A plaintiff’s lawyer brought a citizen’s petition seeking to force the FDA to add a pre-pregnancy birth defect warning to the drug after the use at issue in Cerveny.  Id. at 14 & n.8, 18-19.  That petition was denied in 2009 (the use in Cerveny occurred in 1992).  Id. at 19.  Critically, the FDA denied that petition for lack of scientific basis – using the same regulatory standard of proof applicable if the manufacturer had sought the same change.

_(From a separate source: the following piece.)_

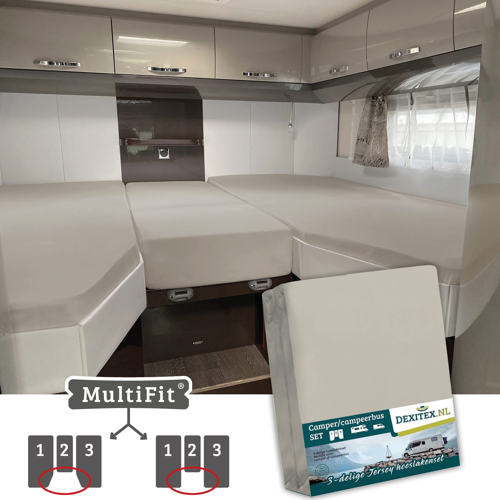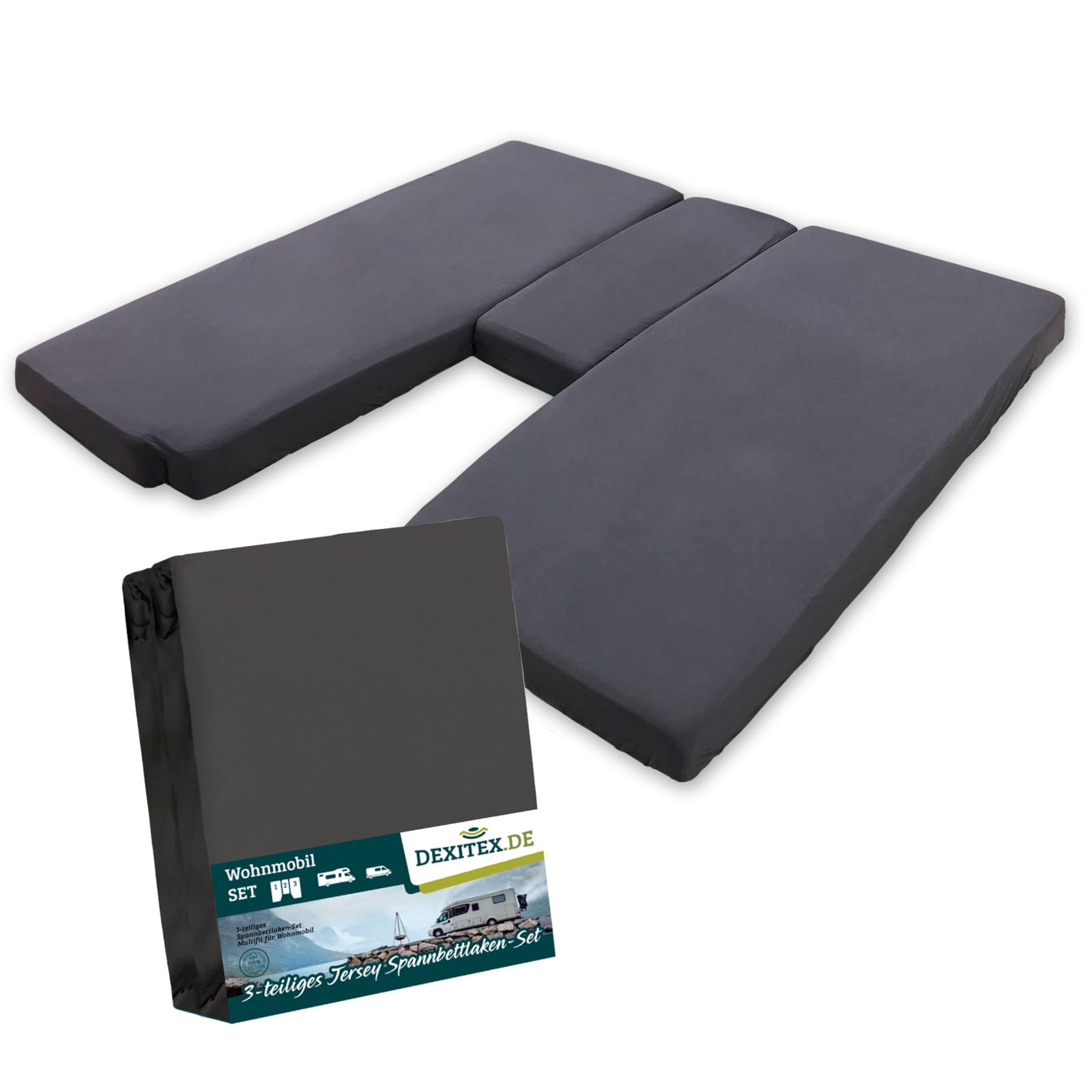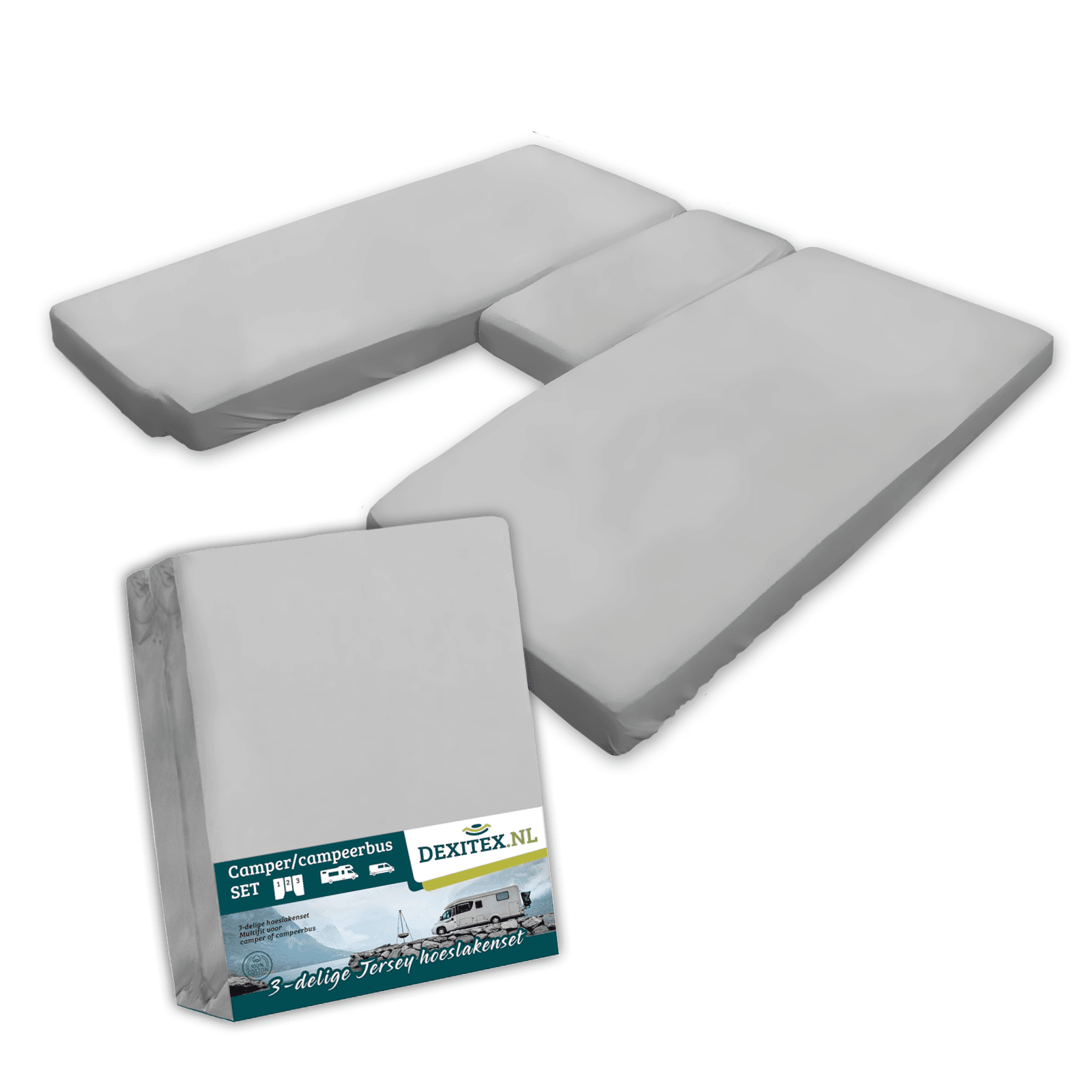 This fitted sheet set is specially designed for the 3-piece mattress layout in a camper or caravan. It contains three extra-thick jersey fitted sheets. One for the left mattress, one for the right mattress, and a custom-made one for the center section. This ensures all three mattresses are perfectly and neatly made.

The FDA concluded that . . . “the scientific literature [did] not justify ordering changes to the labeling that warn of such risks beyond those presently included in labeling”. . . .  [Petitioner] sought reconsideration, which he twice supplemented with more information.  The FDA declined to reconsider, explaining that the original denial had “appropriately applied the standards in the [FDCA].

Cerveny, slip op. at 19.

The petition denial satisfied Levine’s “clear evidence” standard.  Plaintiffs’ “failure-to-warn claims are based on the same theories and scientific evidence presented in [the] citizen petition.”  Id.

Cerveny rejected plaintiffs’ argument that citizen’s petitions shouldn’t count.  First, label changes are serious business.  “[T]he FDA views overwarnings as problematic because they can render the warnings useless and discourage use of beneficial medications.” Id. at 20.  Second, “the FDA standard for revising a warning label does not discriminate between proposals submitted by manufacturers and proposals submitted by citizens.” Id. at 21 (regulatory citation omitted).  Arguments that the FDA nonetheless differentiated between manufacturers and independent petitioners didn’t hold water:

[Plaintiffs] suggest that the FDA disobeys its own regulations to apply different standards depending on the source of the proposed change. But we do not presume that the FDA deviates from regulatory requirements.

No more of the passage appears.